Тому только новой ссоры между подчиненными недоставало. Оба они раздражали его безмерно. Он вовсе не хотел ехать в Курляндию, да еще в обществе хорошо ему знакомого Ивашки, а Васильев был для него – человек из иного мира, совершенно не московский человек, простых вещей не понимающий.
Разбираться в их склоках Шумилов не желал. А желал он одного – тишины.
Он трудно сходился с людьми – долго приглядывался, панибратства не допускал и ежели кого в приказе спрашивал о погоде на дворе, то это уж было в его понимании даже не шагом, а трехсаженным прыжком навстречу. Потому долго не женился – мать уж отчаялась, свахи перестали ее навещать. Потом мать слегла, думали – не встанет, и он, сжалившись, позволил ей выбрать невестку на свой вкус, поклялся перед образами, что женится беспрекословно.

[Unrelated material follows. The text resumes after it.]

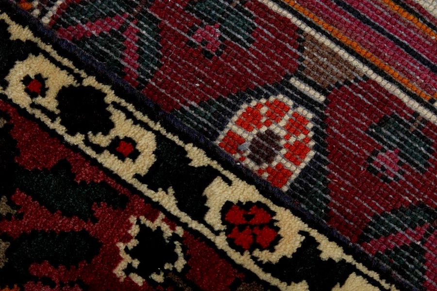 Abrash: Auf Grund des unterschiedlichen Wollfettgehalts und der unterschiedlichen Salzmenge während des Färbungsprozesses, hat die Wolle eine unterschiedliche Farbaufsaugfähigkeit. Vor dem Weben ist es nicht so sichtbar. Aber beim Weben entstehen Reihen mit unterschiedlichen Farbabstufungen der gleichen Farbe. Dies heißt Abrash und verdeutlicht die Natürlichkeit und die Originalität der Wolle, die mit keinen chemischen Mitteln behandelt wurde. Beispiele

Тут-то Господь и сжалился на ним – привел Алену Перфильевну и поставил с ним под венец. В храме Божьем и увиделись-то впервые, хотя до того он, как положено жениху, слал ей подарки – лакомства, украшения, гребни рыбьего зуба и зеркальце в ларчике.
Их оставили одних в спальне, горели свеча и лампада в углу перед заботливо завешенными образами, он смотрел на смутившуюся безмолвную жену и не знал, как с ней заговорить. Прошелся от кровати к печке и обратно. Сел на лавку, повесил голову. Надо было обнять, поцеловать, помочь ей снять тяжелое ожерелье. Это он понимал – но все казалось, что коснется ее рукой – а она и оттолкнет. Как не оттолкнуть – молодая, глупая, девятнадцать лет… а ему уж двадцать девять…

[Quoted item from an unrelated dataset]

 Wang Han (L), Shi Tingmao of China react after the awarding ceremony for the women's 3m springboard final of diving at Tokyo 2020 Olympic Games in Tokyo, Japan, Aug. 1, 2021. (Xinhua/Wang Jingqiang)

Как не оттолкнуть с перепугу-то!
И первое, что он ей сказал севшим от волнения голосом:
– Ты не бойся…
– Ага… – прошептала она.
– Не обижу…
Она оказалась умнее его – подошла и села на ту же лавку под высоким узким окошком. Не рядом села – между ними было чуть более аршина, и ее рука лежала на красном суконном полавочнике. Он накрыл эту маленькую, крепкую, рукодельную руку своей. Еще посидели этак, молча, словно беззвучно сговаривались. И разом друг к дружке повернулись. Тут он впервые за два месяца сватовства улыбнулся.
Потом Алена
Но и она, и он знали: как их руки в ту ночь соединились, так и души срослись: вдруг, по неизреченной милости Божьей.
А милость Божья – она не большими буквами написана, она в дуновении ветерка является, в неуловимой взаимосвязи намеков. Не давал им Господь зачать дитя – им бы понять, что для их же пользы такое Его решение, и смириться. А они смиряться не хотели, в богомольные походы отправлялись, милостыню раздавали, Алена по обету пелены и воздухи для церквей вышивала. Вымолила дитя – а вместе с ним и свою погибель…

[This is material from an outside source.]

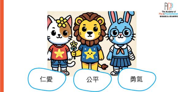 *講者以欣賞故事⼈物的品格強項作例⼦,從而讓學童嘗試發掘⾃⼰的強項。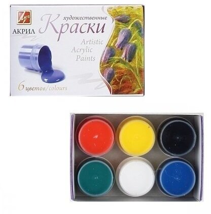 Краски акриловые Луч художественные , 6 цветов по 20 мл, в баночках, 22С 1408-08

Шумилов был верен жене той упрямой верностью, какая рождается порой в сердце человека молчаливого, своенравного, сохраняющего между собой и прочим миром порядочное расстояние. Он целый обряд себе изобрел: как приходить на кладбище, как стоять, какие молитвы шепотом читать, как уходить. Сейчас, вдали от Москвы, он был сильно недоволен тем, что кладбище далеко и даже храма нет – прийти, хоть грошовую свечку за упокой души затеплить, сорокоуст заказать. Ближайший православный храм был при войске – с собой собирались взять государеву походную церковь-шатер вместе с иереями, да Ордин-Нащокин не отдал – самому в походе понадобится.
Взял с собой Шумилов образа, взял, как же без них, в каждом помещении его нового жилья по образу в углу приспособил, а все не то, все не то… Вот и смотри на луну, вот и думай: может, там, за луной, тот самый рай, где Алена?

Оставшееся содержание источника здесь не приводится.